** Input records follows **

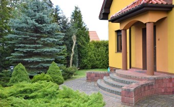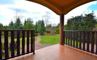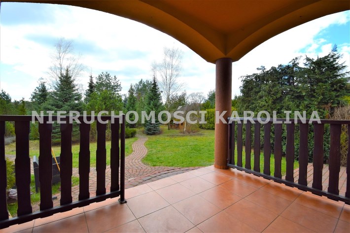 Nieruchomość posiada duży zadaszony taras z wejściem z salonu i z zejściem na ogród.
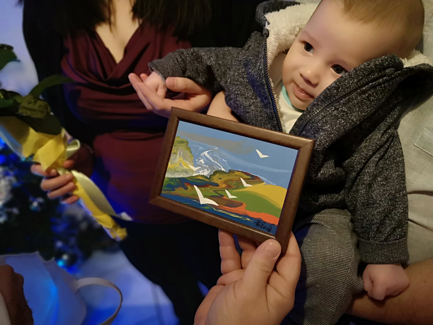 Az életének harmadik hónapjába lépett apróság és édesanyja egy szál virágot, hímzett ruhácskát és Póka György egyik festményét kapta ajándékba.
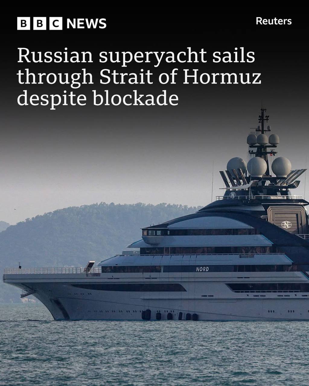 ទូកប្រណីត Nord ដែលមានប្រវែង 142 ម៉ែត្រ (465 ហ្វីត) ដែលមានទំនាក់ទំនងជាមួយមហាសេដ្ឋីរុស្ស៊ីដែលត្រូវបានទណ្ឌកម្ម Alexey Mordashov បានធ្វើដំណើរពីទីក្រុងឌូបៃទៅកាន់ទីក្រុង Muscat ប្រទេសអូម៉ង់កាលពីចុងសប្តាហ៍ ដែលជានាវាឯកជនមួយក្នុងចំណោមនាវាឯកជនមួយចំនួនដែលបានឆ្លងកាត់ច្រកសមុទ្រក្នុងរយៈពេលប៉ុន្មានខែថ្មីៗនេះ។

** End of Input records **
** Input records follows **

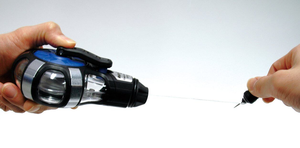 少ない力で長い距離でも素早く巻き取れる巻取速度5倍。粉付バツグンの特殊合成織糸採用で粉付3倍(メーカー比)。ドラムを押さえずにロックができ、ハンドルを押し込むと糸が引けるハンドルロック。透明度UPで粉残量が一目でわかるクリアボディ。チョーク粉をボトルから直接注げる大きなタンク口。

** End of Input records **
** Input records follows **

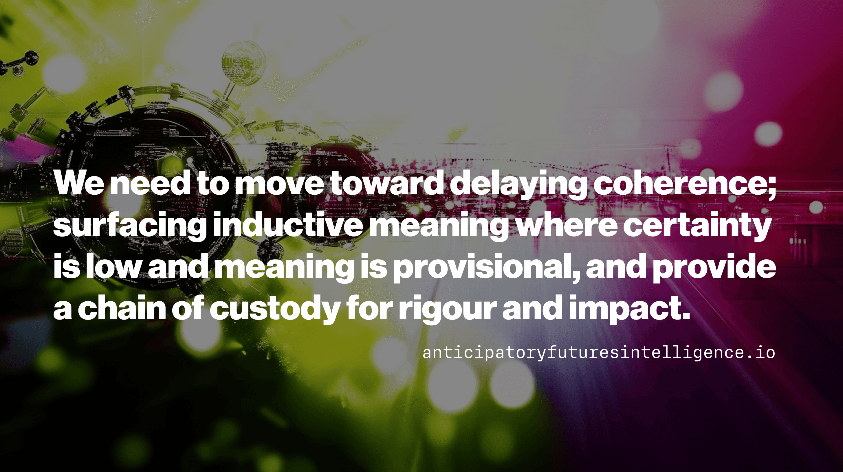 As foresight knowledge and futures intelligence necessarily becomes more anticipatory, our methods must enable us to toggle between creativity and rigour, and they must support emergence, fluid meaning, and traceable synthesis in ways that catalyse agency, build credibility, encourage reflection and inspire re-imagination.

** End of Input records **

■ Directions for this task ■
Among the entries above, find the line with "Nieruchomość posiada duży" and repeat exactly from there through the line with "ទូកប្រណីត Nord ដែលមានប្រវែង", leaving out the pictures.

■ Answer for the task ■
 Nieruchomość posiada duży zadaszony taras z wejściem z salonu i z zejściem na ogród.
 Az életének harmadik hónapjába lépett apróság és édesanyja egy szál virágot, hímzett ruhácskát és Póka György egyik festményét kapta ajándékba.
 ទូកប្រណីត Nord ដែលមានប្រវែង 142 ម៉ែត្រ (465 ហ្វីត) ដែលមានទំនាក់ទំនងជាមួយមហាសេដ្ឋីរុស្ស៊ីដែលត្រូវបានទណ្ឌកម្ម Alexey Mordashov បានធ្វើដំណើរពីទីក្រុងឌូបៃទៅកាន់ទីក្រុង Muscat ប្រទេសអូម៉ង់កាលពីចុងសប្តាហ៍ ដែលជានាវាឯកជនមួយក្នុងចំណោមនាវាឯកជនមួយចំនួនដែលបានឆ្លងកាត់ច្រកសមុទ្រក្នុងរយៈពេលប៉ុន្មានខែថ្មីៗនេះ។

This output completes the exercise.